Now, let's be clear: Nobody is arguing Strome is the answer to Chicago's early-season struggles. The issues go well beyond that. But it doesn't seem like the Blackhawks are eager to give him the same opportunity everybody else is getting.

If Strome had gotten a look at some point during the road trip, this probably wouldn't be a significant storyline. But he was the only one that didn't, and now he's seemingly the 15th forward.

"I’m just staying positive," Strome said on Oct. 1 after the second preseason game when it became apparent to him that he was fighting for a roster spot. "I mean, the last two camps I think I came in and started with [Patrick] Kane and DeBrincat right away. You never know what can happen during the season. A lot happens, it’s a long season. So come in, be positive, be happy around the rink, happy to be here and happy to see the fans."

So how did we get here? How did we go from Strome and the Blackhawks looking to be a great long-term marriage to this?

Let's rewind back to Strome's very first season in Chicago, where he averaged nearly a point per game after scoring a career-high 17 goals, 34 assists and 51 points in 57 games. He also averaged 17:03 of ice time. A great start.

The very next season, Strome picked up where he left off by recording 17 points (five goals, 12 assists) in 23 games before he wisely removed himself from the lineup and was placed in concussion protocol. He returned roughly two weeks later and didn't skip a beat.

Where things started to go sideways is when Strome suffered a nasty-looking ankle injury on Jan. 7, 2020 against the Calgary Flames that knocked him out for nearly a month. He was playing some of the best hockey of his NHL career to that point.

After he returned, Strome never quite looked the same. He admittedly rush back from the ankle injury and it showed after registering no goals and only three assists in 13 games in the month of February.
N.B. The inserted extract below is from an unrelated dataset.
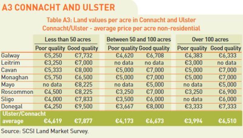 In Connacht/Ulster, where average land quality is poorer than elsewhere, properties are sold in smaller lots, agents said.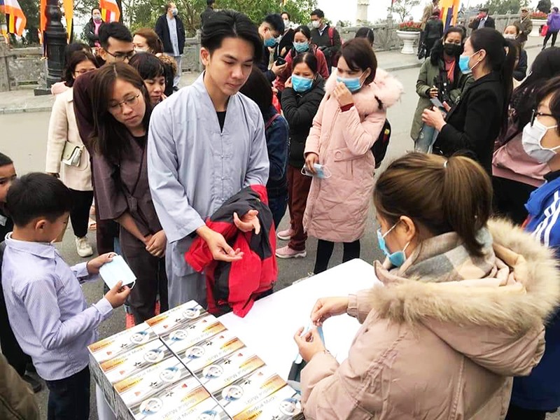 Hội phật tử chùa Ba Vàng phát khẩu trang cho du khách.

He was also a healthy scratch twice.

By the time the Blackhawks returned for the bubble, Kirby Dach looked like a different player and had emerged as a legitimate top-six center. Only Patrick Kane averaged more ice time among team forwards in that postseason, which squeezed Strome back to the third line through no fault of his own.

That was probably going to be the case going into the 2020-21 season, until Dach suffered a wrist injury that was supposed to sideline him for more than four months and Jonathan Toews announced he wouldn't be available because of an undisclosed illness. That opened the door for Strome, who remained unsigned until the day before training camp, to seize the No. 1 center role.

Strome didn't exactly run with that opportunity, but part of that might be because he played only 46 even-strength minutes all season with DeBrincat and Kane and 196 minutes without either one of them, according to Natural Stat Trick. Another reason is that he missed 11 games with a concussion. It wasn't an ideal situation.


That leads us to the present moment: Dach and Toews are back and healthy. Borgstrom and Tyler Johnson have been added to the mix. MacKenzie Entwistle was one of the breakout players of camp. That's a lot of centers.

I asked Colliton after Friday’s morning skate in New Jersey what Strome could do to put himself in a position to crack the lineup.

"What he’s doing," Colliton responded. "I thought he had a solid camp. We know what he can bring. It shows our depth that we have a guy like that. He’s hungry to play. Last time I talked to him a couple days ago he says, ‘When I come in I’m not coming out.’"

You have to wonder at this point whether Strome will get the opportunity to show the Blackhawks that, or whether it'll happen with a different team.